* TASK INSTRUCTIONS *
Repeat the entries below word for word, though any picture in them should be dropped.

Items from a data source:
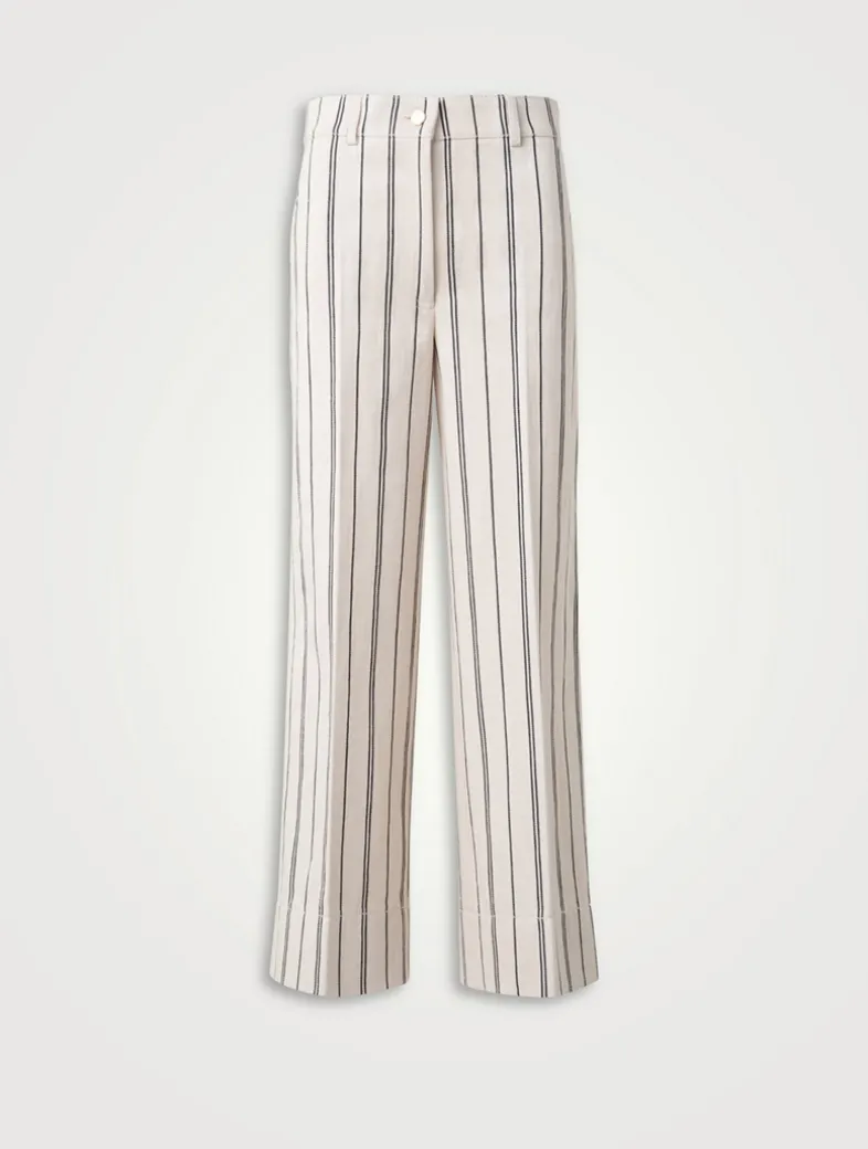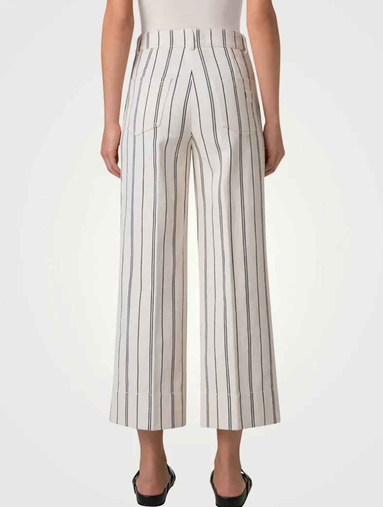 Crafted with washed cotton denim in a striped print, these high-rise jeans are detailed with slash front pockets, and patch pockets on the back. Cut with a cropped ankle length, these jeans are finished with a wide-leg silhouette.
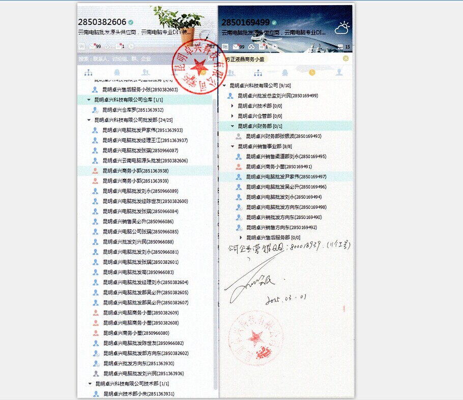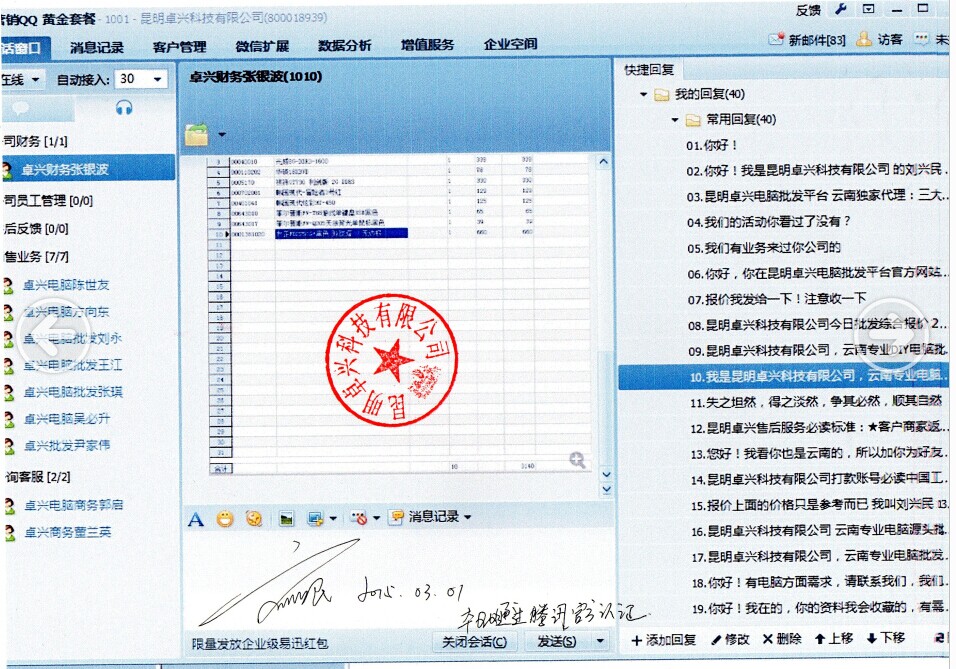 卓興批發部銷售及商務電話:0871-63938889 63935299 13211688808(劉興民QQ:2850382606);63936669(商務)QQ:2851363939); 63933325(商務QQ:2850966080);63933326(吳必升QQ:2850382605);63933327(商務QQ:2850382608); 63933328 (商務QQ:2850382601);63933329( 方向東QQ:2850382602);18860767668(張琪QQ:2850382604);66376669 (劉永QQ:2850966089)卓興用QQ是官認證的企業QQ,不隨員工變動,座機電話不會變動,員工變動都有新的員工來接手的。
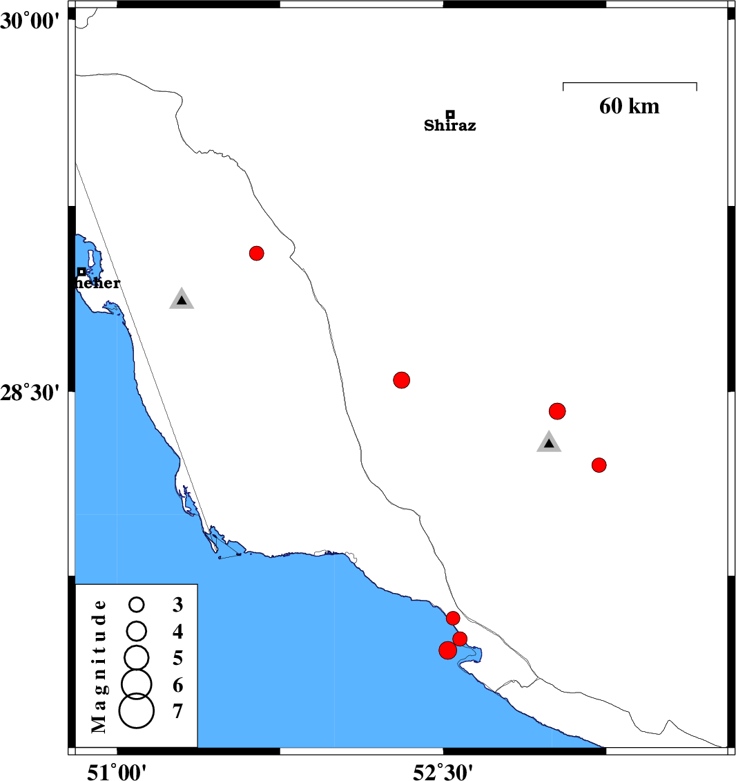 | 2017/10/14 | 18:11:51.3 | 21:41:51.3 | 27.491 | 52.576 | 15 | ML:2.9 | Persian Gulf, 31 km -West of Mehr | ||
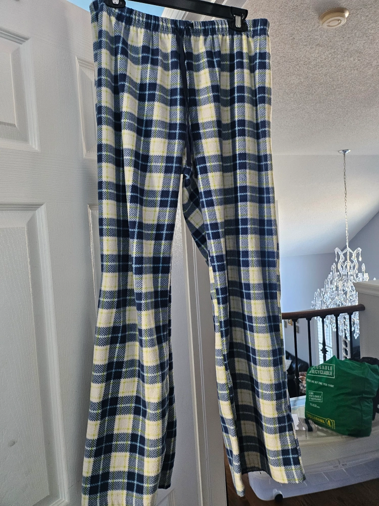 Blue and white plaid pajama pants. Drawstring waistband. super warm and comfy
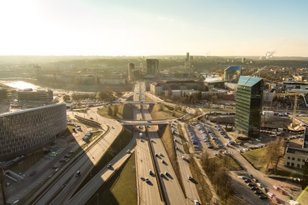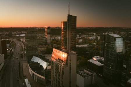 Beautiful aerial evening view of Vilnius business district with scenic sunset illumination. City life in Vilnius, Lithuania.
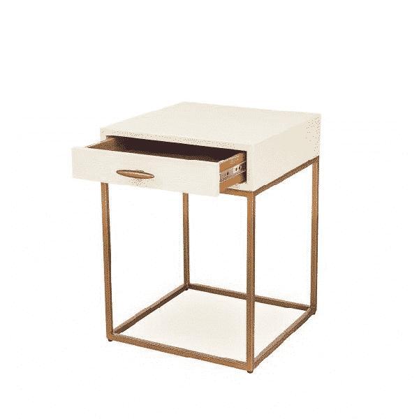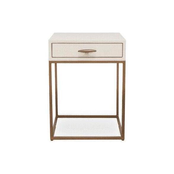 It's easy to guess how this gorgeous bedside table got its name, because it has all the art deco luxury associated in the popular imagination with the jazz age in The Hamptons, that affluent stretch of Long Island popularised in great American novels like The Great Gatsby. The slender cubic brass frame supports a single ivory drawer in faux shagreen, with walnut style wood lining its interior. Set on smooth gliding metal runners and with a simple brass handle the drawer provides ample storage, while the table top will accommodate a wide choice of lamps to create the perfect, soothing bedside companion. *Moot Trading Ltd is not a lender and acts only as an introducer. The credit product is provided by Klarna Bank AB (publ). Credit is only available to permanent UK residents aged 18 and over, subject to status. Terms and conditions apply. Please note that the following products are not regulated by the FCA: Pay in 30 days and Pay in 3 instalments. Read More.
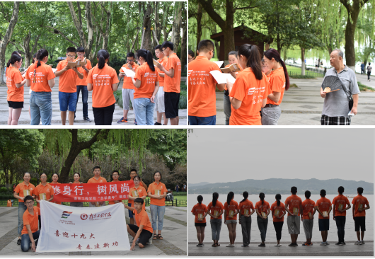 每天的实践活动都是从晨读开始的。借着朝阳的光辉,调查团全体成员步行至美丽的西子湖畔。“弟子规圣人训首孝悌次谨严”,在“柳浪闻莺”花园回响着我们的朗朗书声。晨诵中华三言韵文经典《弟子规》,用晨诵唤醒新的一天,大家徜徉在千年经典的文化韵律中,流连在碧波荡漾的西湖之畔,亲身感知文化经典的同时用自己的行动感染他人,一些晨练的民众也纷纷加入。闻者新,见者奇,驻足聆听的游人们纷纷表示:《弟子规》,教行孝,立规矩,回家一定要倡导孩子们读。
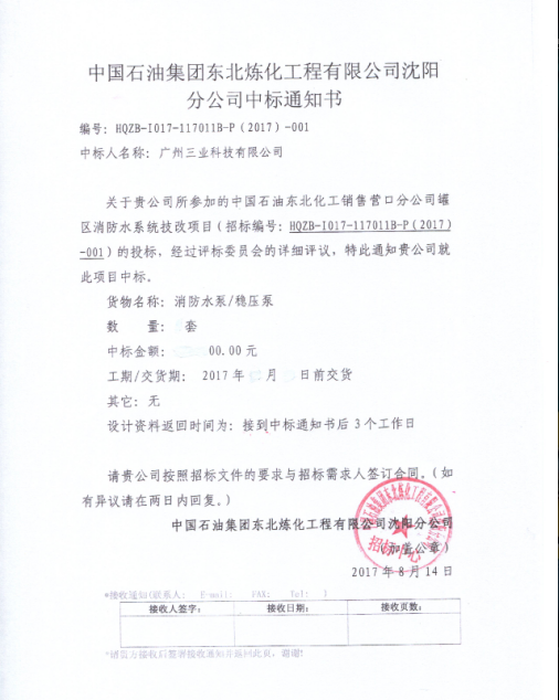 三業(yè)在中石油東北煉化工程沈陽(yáng)分公司招標(biāo)項(xiàng)目中標(biāo)
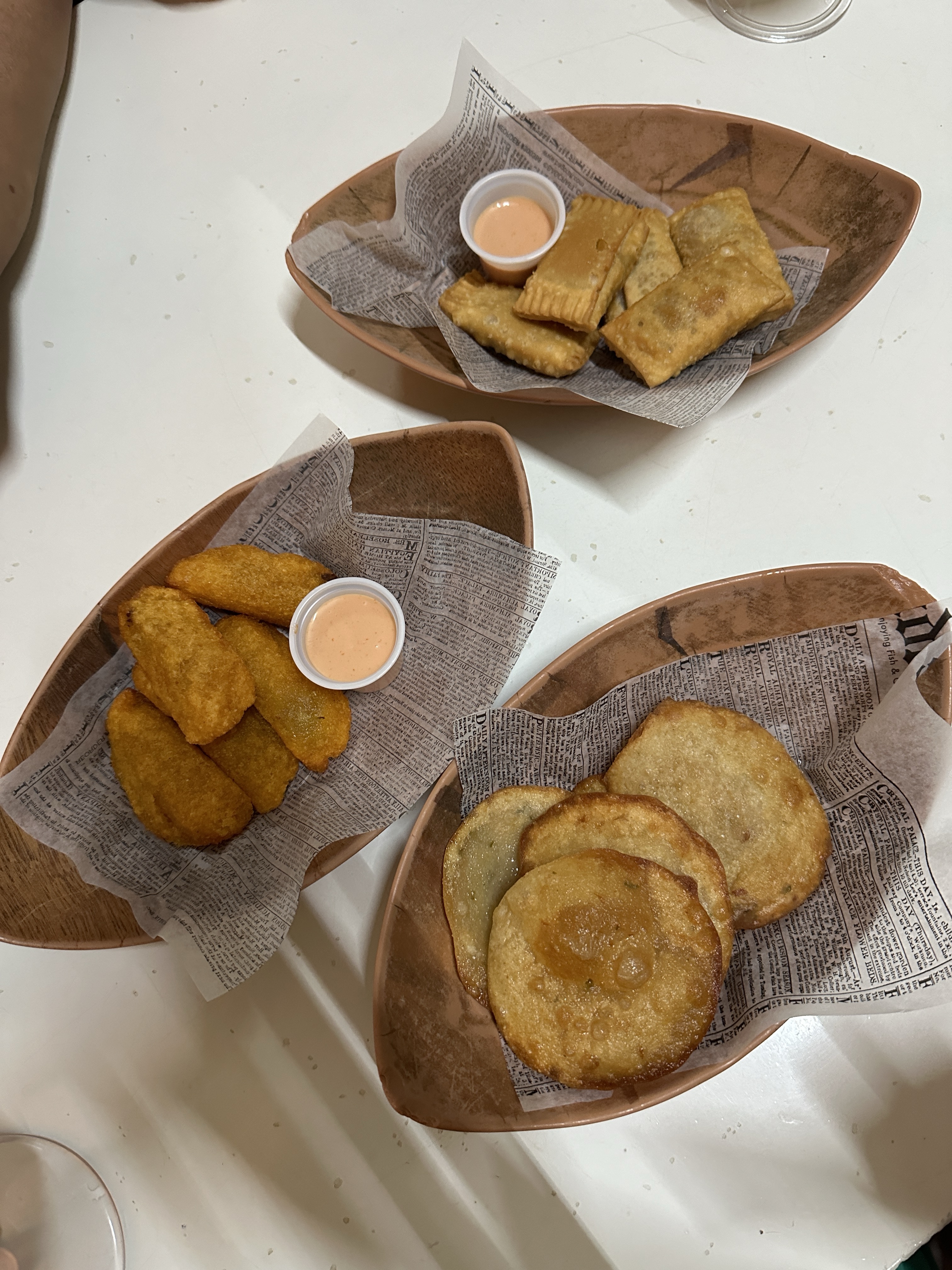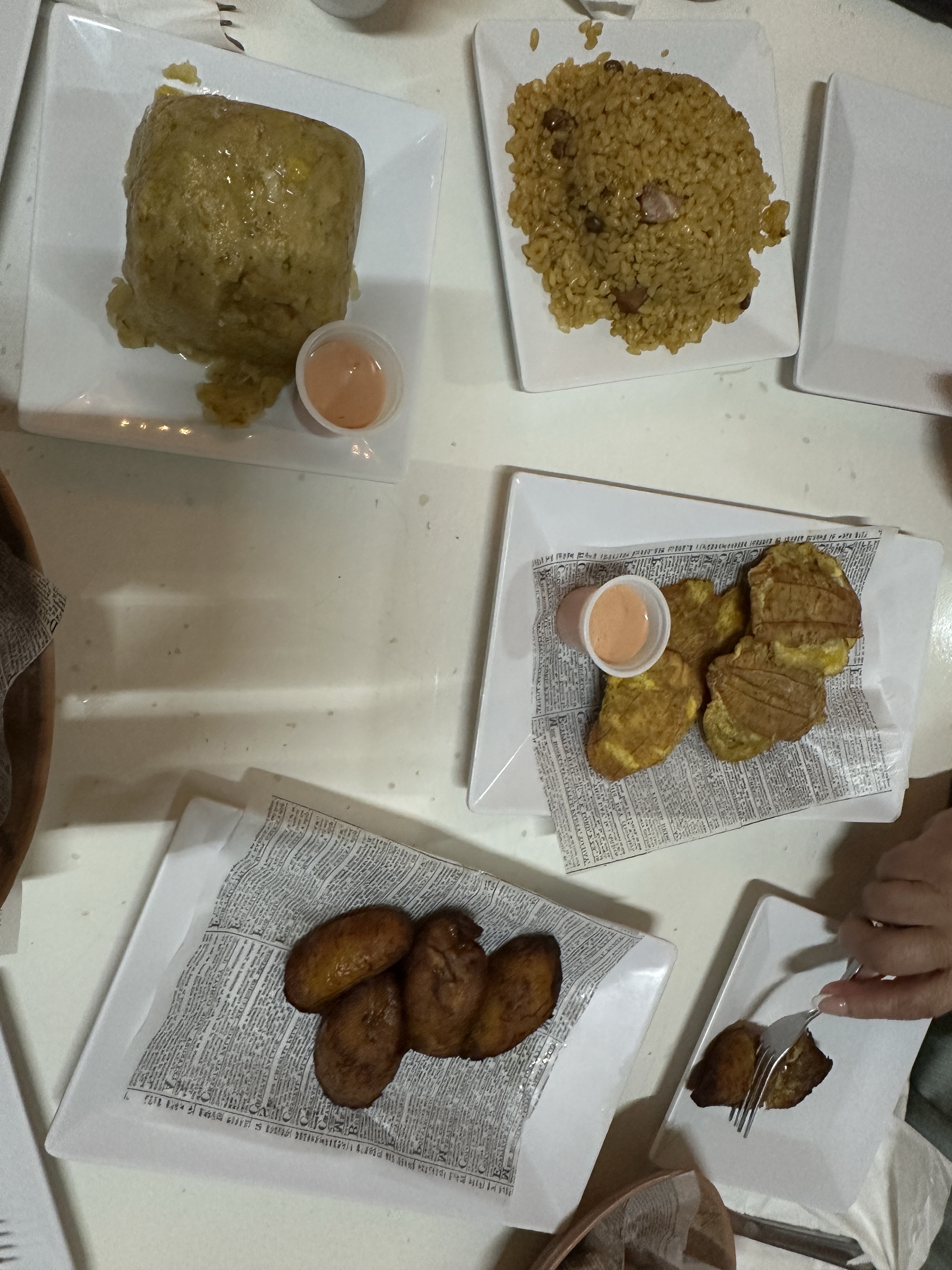 We freshened up, changed, and ubered to Old San Juan for lunch. Our destination was Deaverdura but upon arrival the line was around the corner. Luckily I noticed we passed El Jibarito on the way there which was another place that I read about, so the uber dropped us at the corner and we walked two blocks back. By this time it was 2pm and we had dinner reservations at 7:30, but all of us were starving. Instead of each ordering entrees we decided to do a tapas style lunch and share a bunch of local Puerto Rican appetizers that were on the menu. Our lunch for 4 included the following: Acapullia (beef stuffed inside a fried plantain), bacalaito (cod bites), empanadas de pollo (chicken empanada), tostones (fried green plantains), Maduros (sweet plantains), arroz con gandules, (yellow rice with pigeon peas), & mofungo with garlic sauce (mashed plantain). Although it was a lot, they were all little bites leaving us satisfied but not overly full. My favorite was the acapullia.
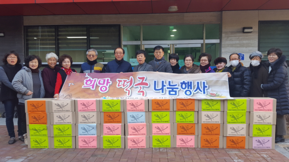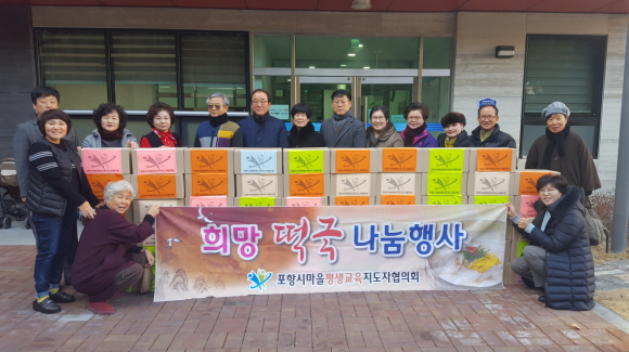 포항시 마을평생교육지도자협의회(회장 김용재)가 30일 포항시를 방문해 설맞이 이웃돕기 떡국 떡 1kg 포장 500세트를 희망복지지원단과 함께 관내 저소득층 300세대, 다문화가정 200세대에 전달했다.

* EXERCISE RESPONSE *
 Crafted with washed cotton denim in a striped print, these high-rise jeans are detailed with slash front pockets, and patch pockets on the back. Cut with a cropped ankle length, these jeans are finished with a wide-leg silhouette.
 卓興批發部銷售及商務電話:0871-63938889 63935299 13211688808(劉興民QQ:2850382606);63936669(商務)QQ:2851363939); 63933325(商務QQ:2850966080);63933326(吳必升QQ:2850382605);63933327(商務QQ:2850382608); 63933328 (商務QQ:2850382601);63933329( 方向東QQ:2850382602);18860767668(張琪QQ:2850382604);66376669 (劉永QQ:2850966089)卓興用QQ是官認證的企業QQ,不隨員工變動,座機電話不會變動,員工變動都有新的員工來接手的。
 | 2017/10/14 | 18:11:51.3 | 21:41:51.3 | 27.491 | 52.576 | 15 | ML:2.9 | Persian Gulf, 31 km -West of Mehr | ||
 Blue and white plaid pajama pants. Drawstring waistband. super warm and comfy
 Beautiful aerial evening view of Vilnius business district with scenic sunset illumination. City life in Vilnius, Lithuania.
 It's easy to guess how this gorgeous bedside table got its name, because it has all the art deco luxury associated in the popular imagination with the jazz age in The Hamptons, that affluent stretch of Long Island popularised in great American novels like The Great Gatsby. The slender cubic brass frame supports a single ivory drawer in faux shagreen, with walnut style wood lining its interior. Set on smooth gliding metal runners and with a simple brass handle the drawer provides ample storage, while the table top will accommodate a wide choice of lamps to create the perfect, soothing bedside companion. *Moot Trading Ltd is not a lender and acts only as an introducer. The credit product is provided by Klarna Bank AB (publ). Credit is only available to permanent UK residents aged 18 and over, subject to status. Terms and conditions apply. Please note that the following products are not regulated by the FCA: Pay in 30 days and Pay in 3 instalments. Read More.
 每天的实践活动都是从晨读开始的。借着朝阳的光辉,调查团全体成员步行至美丽的西子湖畔。“弟子规圣人训首孝悌次谨严”,在“柳浪闻莺”花园回响着我们的朗朗书声。晨诵中华三言韵文经典《弟子规》,用晨诵唤醒新的一天,大家徜徉在千年经典的文化韵律中,流连在碧波荡漾的西湖之畔,亲身感知文化经典的同时用自己的行动感染他人,一些晨练的民众也纷纷加入。闻者新,见者奇,驻足聆听的游人们纷纷表示:《弟子规》,教行孝,立规矩,回家一定要倡导孩子们读。
 三業(yè)在中石油東北煉化工程沈陽(yáng)分公司招標(biāo)項(xiàng)目中標(biāo)
 We freshened up, changed, and ubered to Old San Juan for lunch. Our destination was Deaverdura but upon arrival the line was around the corner. Luckily I noticed we passed El Jibarito on the way there which was another place that I read about, so the uber dropped us at the corner and we walked two blocks back. By this time it was 2pm and we had dinner reservations at 7:30, but all of us were starving. Instead of each ordering entrees we decided to do a tapas style lunch and share a bunch of local Puerto Rican appetizers that were on the menu. Our lunch for 4 included the following: Acapullia (beef stuffed inside a fried plantain), bacalaito (cod bites), empanadas de pollo (chicken empanada), tostones (fried green plantains), Maduros (sweet plantains), arroz con gandules, (yellow rice with pigeon peas), & mofungo with garlic sauce (mashed plantain). Although it was a lot, they were all little bites leaving us satisfied but not overly full. My favorite was the acapullia.
 포항시 마을평생교육지도자협의회(회장 김용재)가 30일 포항시를 방문해 설맞이 이웃돕기 떡국 떡 1kg 포장 500세트를 희망복지지원단과 함께 관내 저소득층 300세대, 다문화가정 200세대에 전달했다.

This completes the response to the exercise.